WHAT YOU NEED TO DO: With the material below, print exactly the lines between the line holding "由全鋁打造的全鋁家具董事長辦" and the line holding "光格油氣管道防盜防外破監測系", inclusive. Add nothing else.

INPUT RECORDS:
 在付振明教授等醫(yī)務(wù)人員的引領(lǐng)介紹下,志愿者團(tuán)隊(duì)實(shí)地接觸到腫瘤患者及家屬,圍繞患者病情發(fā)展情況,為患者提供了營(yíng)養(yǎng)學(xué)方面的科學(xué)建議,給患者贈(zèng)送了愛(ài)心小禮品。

...

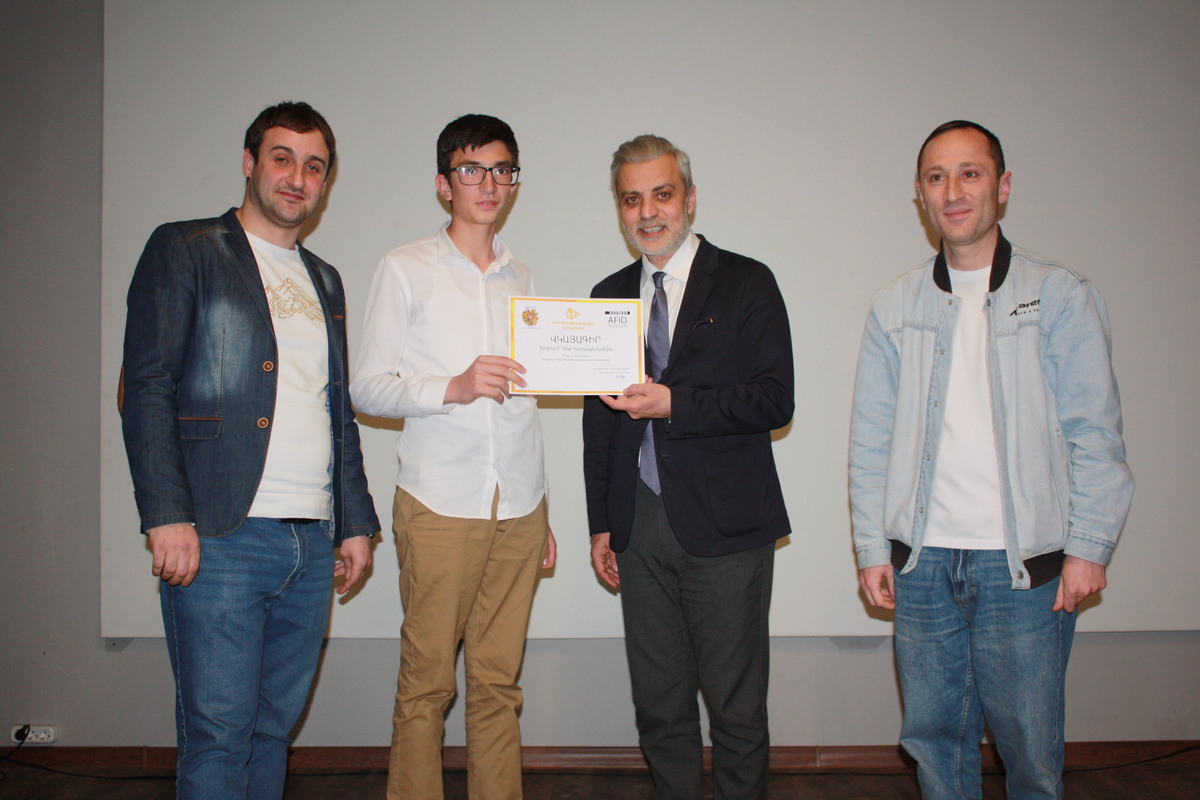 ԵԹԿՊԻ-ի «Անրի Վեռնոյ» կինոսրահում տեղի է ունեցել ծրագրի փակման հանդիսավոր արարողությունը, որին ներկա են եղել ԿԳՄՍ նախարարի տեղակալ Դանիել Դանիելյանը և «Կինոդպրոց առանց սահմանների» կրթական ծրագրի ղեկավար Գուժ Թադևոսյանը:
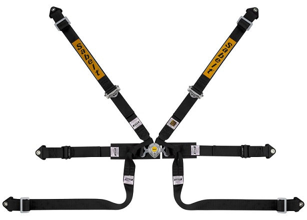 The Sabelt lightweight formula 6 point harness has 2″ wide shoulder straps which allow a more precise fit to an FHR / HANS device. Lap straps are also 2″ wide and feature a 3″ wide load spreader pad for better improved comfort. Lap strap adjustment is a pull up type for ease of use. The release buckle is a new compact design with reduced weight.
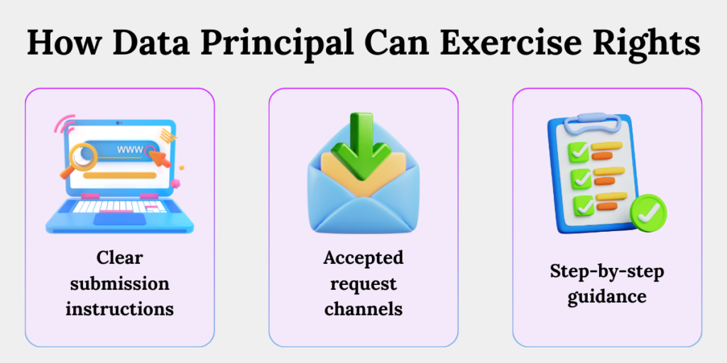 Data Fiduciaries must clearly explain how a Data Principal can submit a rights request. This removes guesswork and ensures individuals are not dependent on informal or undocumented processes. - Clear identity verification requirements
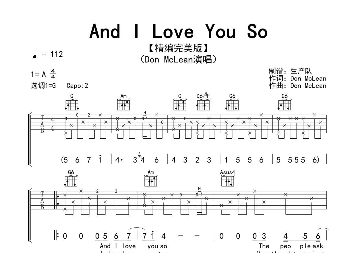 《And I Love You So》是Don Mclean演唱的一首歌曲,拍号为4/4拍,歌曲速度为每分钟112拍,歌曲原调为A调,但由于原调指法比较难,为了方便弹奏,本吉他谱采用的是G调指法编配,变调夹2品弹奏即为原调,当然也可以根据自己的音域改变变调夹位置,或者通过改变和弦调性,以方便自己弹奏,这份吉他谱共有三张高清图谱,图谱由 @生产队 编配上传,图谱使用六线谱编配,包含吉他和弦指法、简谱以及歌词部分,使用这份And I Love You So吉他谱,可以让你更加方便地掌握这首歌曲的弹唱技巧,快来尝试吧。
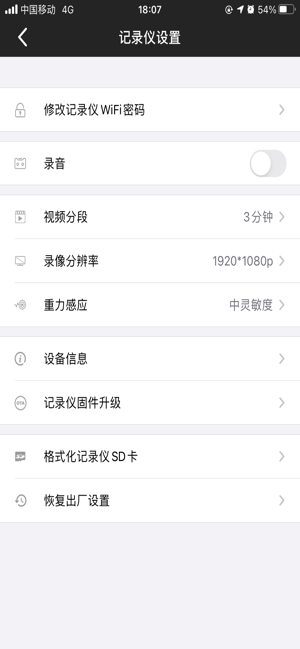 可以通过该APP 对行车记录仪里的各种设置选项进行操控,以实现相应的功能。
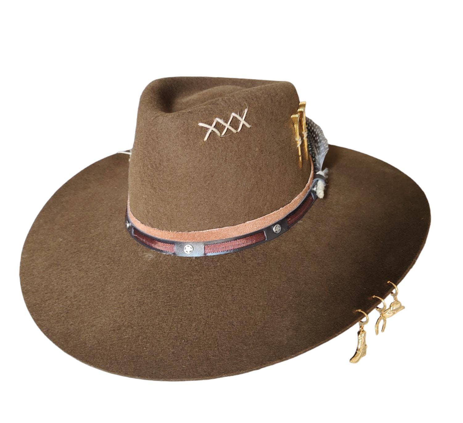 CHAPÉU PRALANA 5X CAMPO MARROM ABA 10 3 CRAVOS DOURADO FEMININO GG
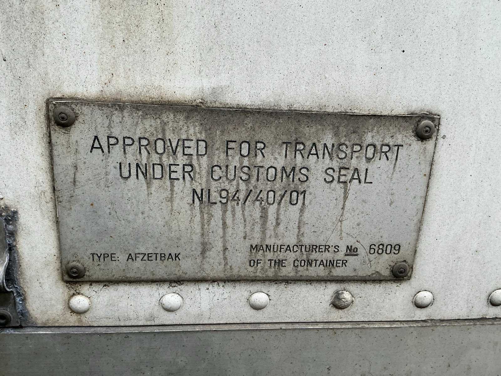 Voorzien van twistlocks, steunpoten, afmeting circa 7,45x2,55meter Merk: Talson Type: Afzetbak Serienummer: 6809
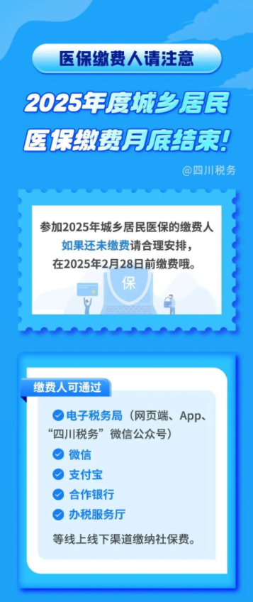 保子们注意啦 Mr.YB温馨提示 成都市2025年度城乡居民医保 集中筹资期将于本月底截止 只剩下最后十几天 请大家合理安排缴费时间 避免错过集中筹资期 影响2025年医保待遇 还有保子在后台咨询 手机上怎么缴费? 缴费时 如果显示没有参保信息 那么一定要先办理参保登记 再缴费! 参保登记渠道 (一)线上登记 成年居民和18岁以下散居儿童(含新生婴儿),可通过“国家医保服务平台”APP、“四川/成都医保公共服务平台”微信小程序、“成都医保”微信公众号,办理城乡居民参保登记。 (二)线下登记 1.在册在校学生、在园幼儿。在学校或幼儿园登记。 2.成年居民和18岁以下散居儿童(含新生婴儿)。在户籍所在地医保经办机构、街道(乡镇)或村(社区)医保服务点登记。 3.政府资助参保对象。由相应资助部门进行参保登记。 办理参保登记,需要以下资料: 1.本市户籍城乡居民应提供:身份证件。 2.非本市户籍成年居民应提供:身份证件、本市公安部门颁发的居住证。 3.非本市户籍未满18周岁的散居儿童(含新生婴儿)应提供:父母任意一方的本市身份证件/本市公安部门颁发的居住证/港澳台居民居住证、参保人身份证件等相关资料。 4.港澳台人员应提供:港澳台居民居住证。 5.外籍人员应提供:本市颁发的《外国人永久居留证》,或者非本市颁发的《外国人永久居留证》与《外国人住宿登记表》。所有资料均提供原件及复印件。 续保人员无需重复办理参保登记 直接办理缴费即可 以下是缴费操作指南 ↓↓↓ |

---

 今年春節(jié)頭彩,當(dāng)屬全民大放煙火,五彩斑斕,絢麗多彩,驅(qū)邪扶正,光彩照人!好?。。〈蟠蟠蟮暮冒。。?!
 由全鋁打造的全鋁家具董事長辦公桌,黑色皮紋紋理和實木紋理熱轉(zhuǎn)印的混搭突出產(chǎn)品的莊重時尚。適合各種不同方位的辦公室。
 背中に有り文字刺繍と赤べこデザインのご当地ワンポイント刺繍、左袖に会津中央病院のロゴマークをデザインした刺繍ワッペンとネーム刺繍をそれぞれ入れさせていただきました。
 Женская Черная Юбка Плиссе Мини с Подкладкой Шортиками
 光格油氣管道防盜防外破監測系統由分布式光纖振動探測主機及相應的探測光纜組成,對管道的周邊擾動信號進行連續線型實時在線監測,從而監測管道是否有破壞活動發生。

TASK OUTPUT:
 由全鋁打造的全鋁家具董事長辦公桌,黑色皮紋紋理和實木紋理熱轉(zhuǎn)印的混搭突出產(chǎn)品的莊重時尚。適合各種不同方位的辦公室。
 背中に有り文字刺繍と赤べこデザインのご当地ワンポイント刺繍、左袖に会津中央病院のロゴマークをデザインした刺繍ワッペンとネーム刺繍をそれぞれ入れさせていただきました。
 Женская Черная Юбка Плиссе Мини с Подкладкой Шортиками
 光格油氣管道防盜防外破監測系統由分布式光纖振動探測主機及相應的探測光纜組成,對管道的周邊擾動信號進行連續線型實時在線監測,從而監測管道是否有破壞活動發生。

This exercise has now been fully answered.